This argument is as old as time, and as far as I know there has never been any real proof in either direction. Both sides have theoretical merit, but all the "proof" I've seen is anecdotal.

Dan


----------



## lessd (Jan 23, 2005)

Dan203 said:


> This argument is as old as time, and as far as I know there has never been any real proof in either direction. Both sides have theoretical merit, but all the "proof" I've seen is anecdotal.
> 
> Dan


I agree !!
We all have our own beliefs and its very hard to change ones beliefs, look how hard it was to convince people that the world was round back in the 14th & 15th century, or where was Barack Obama birth place again ?? LOL


----------



## retired_guy (Aug 27, 2004)

I've had nine TiVos over the last ten years or so and have had disk failures only in two cases which both were while powering off and on. I had a third case of file corruption when power failed but was able to recover the disk in that case. I know that anecdotal evidence won't necessarily be meaningful for others but it was sufficient for me to justify getting UPS systems and minimizing powering off/on. Have not had a disk failure since.


----------



## rhettf (Apr 5, 2012)

has your wife ever tried earplugs? 

you could also put the TiVo in your main room and then get a TiVo Mini when it becomes available, its doesn't have a Hard Drive or Fan.


----------



## P42 (Jan 7, 2003)

Doesn't the Mini require a 4 tuner Premier? The OP has a Series3.
But yes, that would be a solution, but quite the $ jump.


----------



## dsnotgood (Aug 26, 2010)

Maybe stick it in a closet and use the slide remote?


----------



## rhettf (Apr 5, 2012)

P42 said:


> Doesn't the Mini require a 4 tuner Premier? The OP has a Series3.
> But yes, that would be a solution, but quite the $ jump.
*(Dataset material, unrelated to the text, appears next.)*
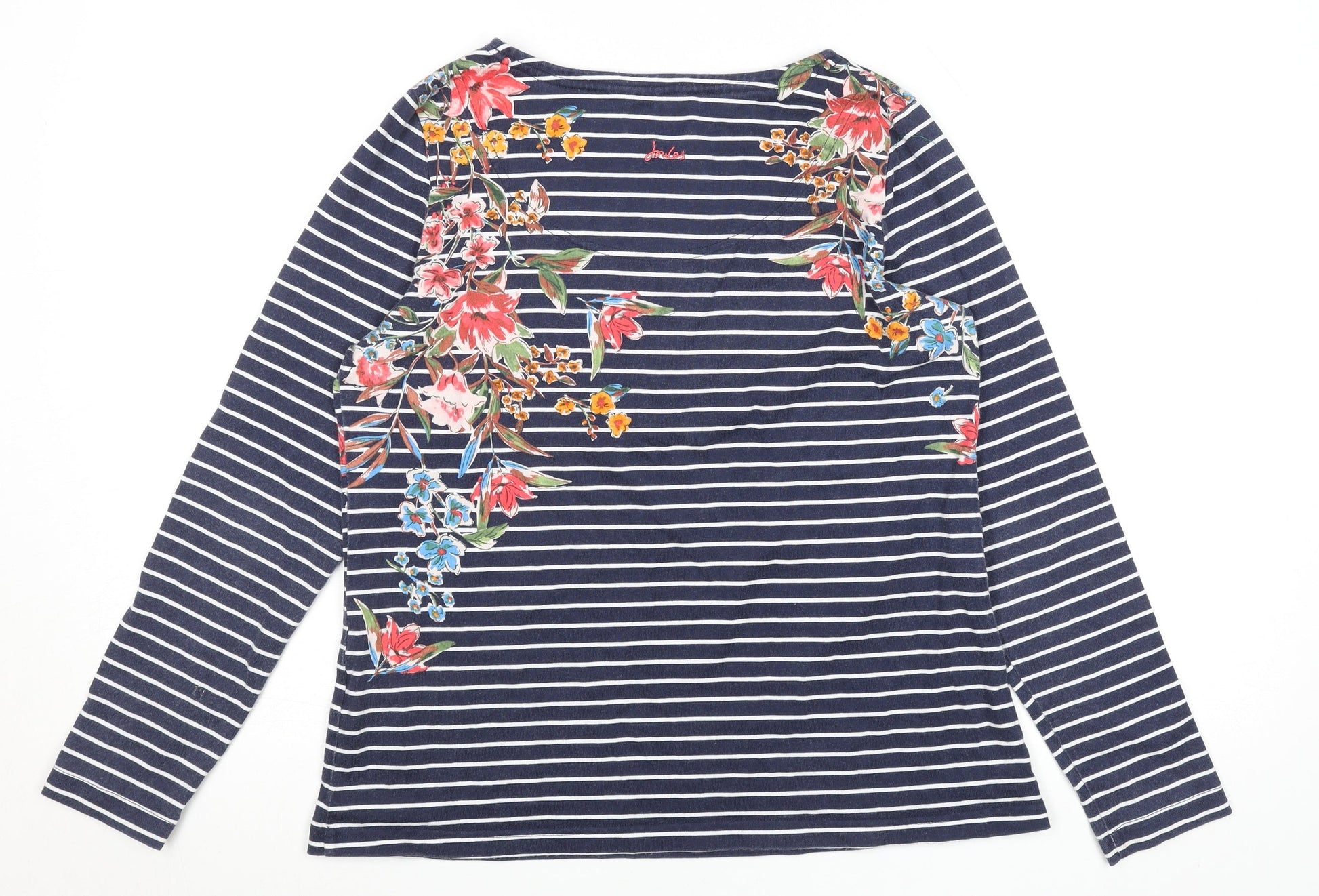 Joules Womens Blue Striped Floral Cotton Long Sleeve T-Shirt Size 14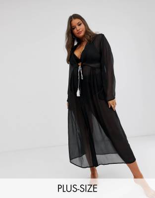 Plus-size beach dress by Brave Soul For that holiday you have to go to Sheer finish Tie front Tassel trim Regular fit Just select your usual size

You're correct. I missed that the OP has a Series3.


----------



## lrhorer (Aug 31, 2003)

Dan203 said:


> This argument is as old as time, and as far as I know there has never been any real proof in either direction. Both sides have theoretical merit, but all the "proof" I've seen is anecdotal.


Not at all. First of all, many companies and even some individuals have enough systems in service that the number is statistically significant. Indeed, with more than 30 hard drives in my house and more than 100 under my administration at work, I can tell you the systems that are online 24 x 7 have far lower failure rates than those that are shut off. Of the 70 drives in embedded systems that have been running for between 15 and 18 years continuously in our Nortel systems, fewer than 5 have failed in under 10 years, and fewer than 20 have failed, total. Compare that with a roughly 40% failure rate of desktop drives over a 10 year period, per our company records.

The same holds true of other systems, including even internal combustion engines. In the field, diesel generators and pumps last far longer than those in automobiles and trucks. It is not at all uncommon for a diesel field generator or pump to run continuously for 50 years, with down-time only for maintenance, while engines in a start-stop environment often require replacement after only a few years.


----------



## lrhorer (Aug 31, 2003)

retired_guy said:


> I've had nine TiVos over the last ten years or so and have had disk failures only in two cases which both were while powering off and on. I had a third case of file corruption when power failed but was able to recover the disk in that case. I know that anecdotal evidence won't necessarily be meaningful for others but it was sufficient for me to justify getting UPS systems and minimizing powering off/on. Have not had a disk failure since.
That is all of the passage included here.